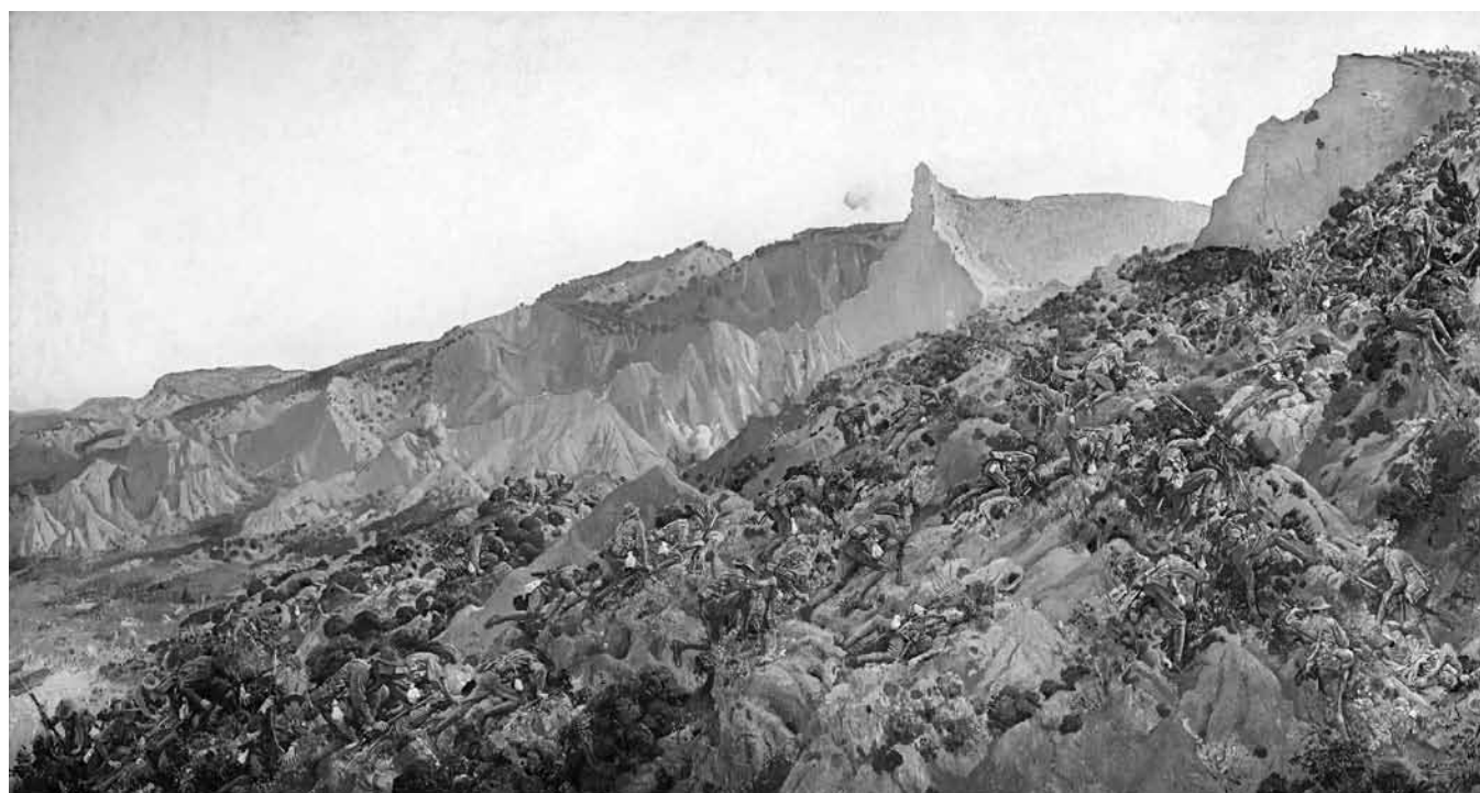
Figure 3. George W. Lambert, ANZAC, the Landing of 1915 , 1920–22. Oil on canvas, 200 x 370 cm. Australian War Memorial, Canberra, Australia. Collection of Australian War Memorial, ID number ART02873.

Choosing to work with Australia, he travelled to Turkey, where he familiarized himself with the landscape he painted in his celebratory work ANZAC, the Landing of 1915 (1922), which portrays the legendary battle of Gallipoli (fig. 3). This work has been on continual display at the AWM since it opened in 1922, and is considered “one of the most important paintings in the Memorial’s art collection.” 26 In another painting, A Sergeant of the Light Horse (1920), Lambert depicts not an idealized event, but a heroic type, a “digger” (Australian slang for soldier) in the Australian Light Horse, a WWI military cavalry regiment (fig. 4). 27 It is described in a 2007 Lambert retrospective as “a tribute to a type of Australian, generally a product of a rural background, who became part of the national mythology during the First World War: the Light Horseman.” 28 These works exemplify the kinds of cultural products that Bean encouraged, anchoring the history of the Australian war art tradition. 29
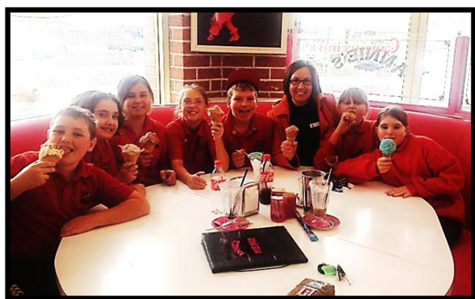
YUMMMM...Annie's Ice Cream is the best!
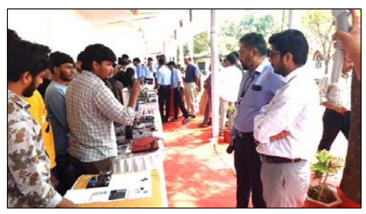
Participants interacting with visitors during Malabar STEM fair

Malabar STEM Fair was organised at this centre on 27<sup>th</sup> & 28<sup>th</sup> February 2023. The fair provides a platform to all students studying in schools, ITI, Polytechnic, and College to showcase their germinated ideas in form of a product or a prototype design. 26 projects were displayed in the exhibition by 60 students.
:::
_Your objective:_
Determine how many lines in the listing include the string "Memorial", and answer with that number alone.

_Task solution:_
2